I’d been called to a lot of strange crime scenes in my day. Weird ones, ones where the body is mutilated. Ones where the cause of death was so unclear that we walked away with dozens of possible murder weapons.
But those were always in the city. Once or twice a small town or hamlet would have a bizarre murder that needed a pro’s help. But still, I’ve never been called out to the desert before.
It had been a long 14 hour flight, and then 6 more hours of slow driving before I actually arrived at the scene. They had wanted the best for this case, so they flew me in from New York to Northern Sudan.
A Sudi prince had been missing for two weeks. He was last seen leaving a friend’s party with two young women. No one would give up the girls’ names. No one had seen where they went. And now, his body was found in the middle of the Nubian Desert.
That wasn’t the part that had interested me. Yes, it was the ludacrious amount of money that the family was offering to pay me did make the long flight and the unbearable heat worth while. But how they found the body, that was the hook. That was what got me to jump on that plane.
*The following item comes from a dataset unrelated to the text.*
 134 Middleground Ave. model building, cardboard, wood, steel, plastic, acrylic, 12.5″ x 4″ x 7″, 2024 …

The Mercedes SUV came to a smooth stop, announcing that we had finally arrived. I reached for my sunglasses inside my suit coat. I knew it was going to be hot, but I had no idea it was going to be like this. My co-workers complained about my sweat on days in the low 70’s. When the plane had landed, they told the passengers that it was 100 degrees. I could only imagine that it was worse in the actual desert.
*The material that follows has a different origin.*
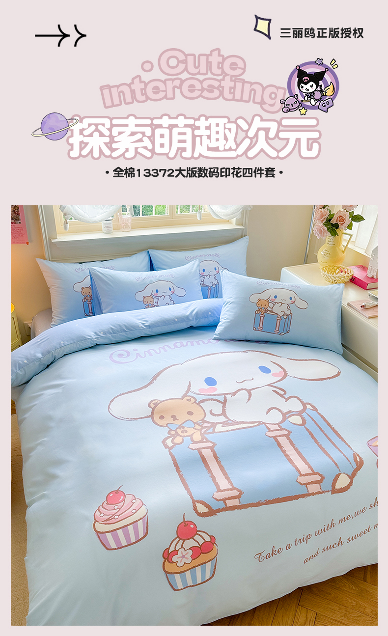 当前位置: 91家纺网 > 商品网购 > 床品套件 > 四件套 > 全棉普通四件套 > 2025新款大版三丽鸥全棉数码印花四件套【含防伪标】 旅行玉桂狗
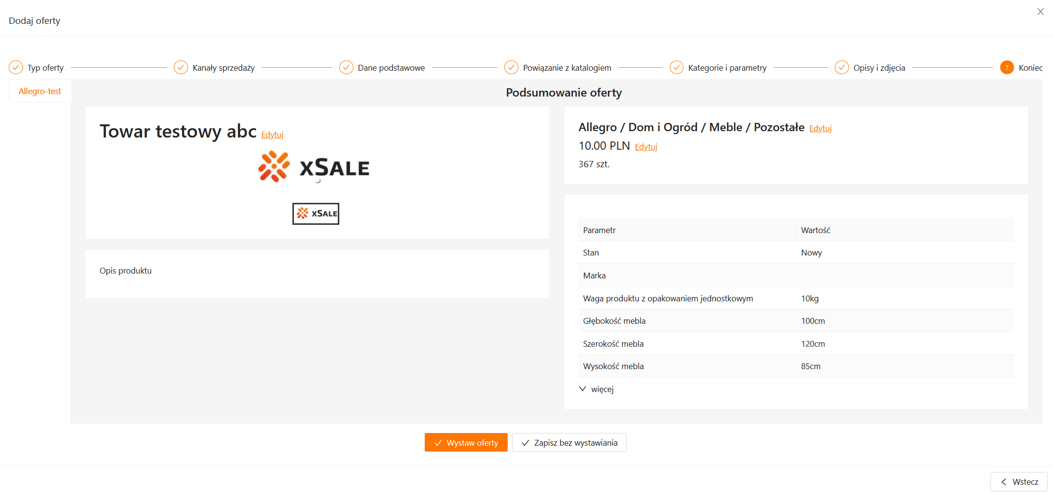 Po przejściu wszystkich kroków kreatora xSale wyświetli podsumowanie oferty. Strona podsumowania zawiera główne informacje o ofercie, które zostały uzupełnione w poszczególnych krokach kreatora. Jeżeli na tym etapie chcesz jeszcze poprawić ofertę, możesz edytować poszczególne elementy i przejść bezpośrednio do kroku, w którym dane zostały wprowadzone. Przycisk Wystaw oferty powoduje włączenia aktywności wybranych kanałów sprzedaży – oferta od razu jest przesyłana do platformy sprzedażowej lub sklepu. Opcja Zapisz bez wystawiania zapisuje ofertę, jednak bez aktywacji kanału sprzedaży. Taka oferta zostanie zapamiętana i jest dostępna do edycji na liście ofert.

I reached into my other coat pocket and pulled out my gum. If I was going to make it through this trip, I’d need a way to calm my nerves.
I stepped out into the heat, and slowly made my way over to the body. There was no police tape. No cameras. No CSI unit combing through everything. I took in a deep breath. This was going to be a challenge.
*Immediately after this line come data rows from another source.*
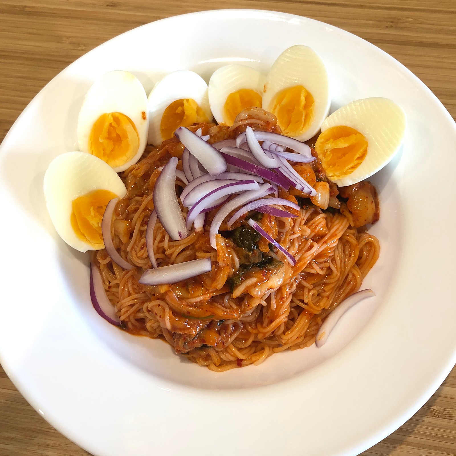 집에서 김치비빔국수를 호로록 만들고, 냉동딤섬을 룰루랄라 찝니다.
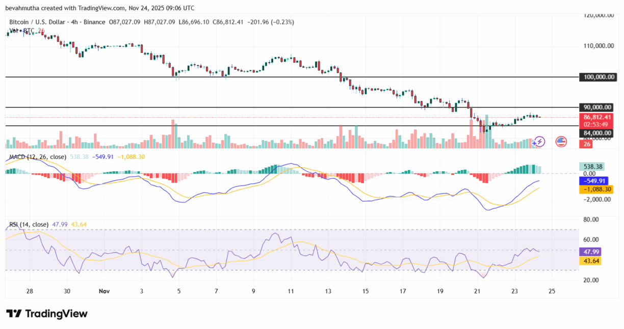 比特币在新的一周稳稳地保持在 $86,000 以上,经过一个适度但显著的周末反弹。这一恢复是在上周的急剧修正之后发生的,该修正将加密货币拖低至多周低点,并引发了交易者的恐慌。然而,这一次,市场显示出稳定的迹象——在过去的 24 小时内,总加密市场市值增长了大约 1%。
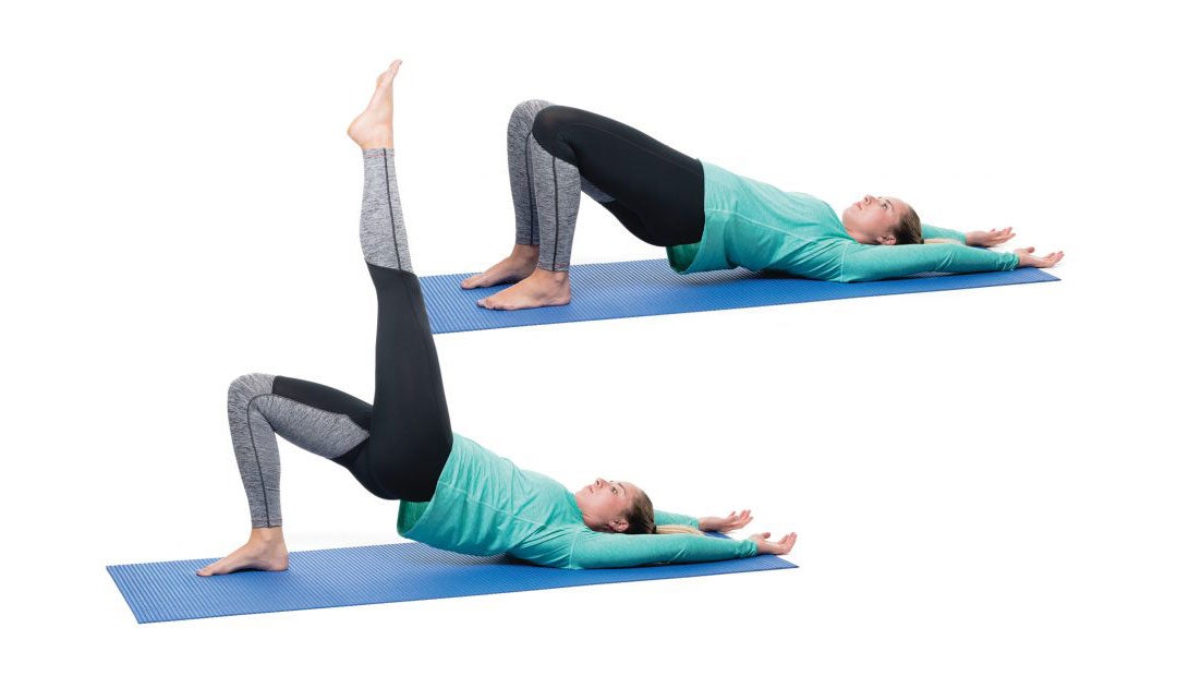 Keep your hips high and in line with each other and lift one leg off the floor. Return it to the floor and repeat with the other leg.

There was a single individual hunched over the body. I would have said they were gathering DNA samples, but I saw no equipment at all. I looked to the right of the body and there was the family. The father of the Sudi prince, stoic and unemotional, a grieving mother, wailing at the loss of her baby boy, and strangely, a military officer.
As uncomfortable as I was in the heat, I wanted to play my cards right. Not rushing in. Not asserting any authority, but very low key. I pretended to clear my throat to gather everyone’s attention.
All eyes turned. The individual hunched over the deceased, however, didn’t.
“Umm. I’m Detective Ronald Thornbush. I am looking for..um…I had the name here.”
I fished in my pockets for a slip of paper that wasn’t there. It was an old trick that brought out the Alphas every time.
“You are looking for Mr. Abu Diams. That is me. You are the detective from America?”
“Uhh…yeah. That’s me,” I replied, still surveying the landscape. “I was called to investigate the supposed murder of your son, is that right?”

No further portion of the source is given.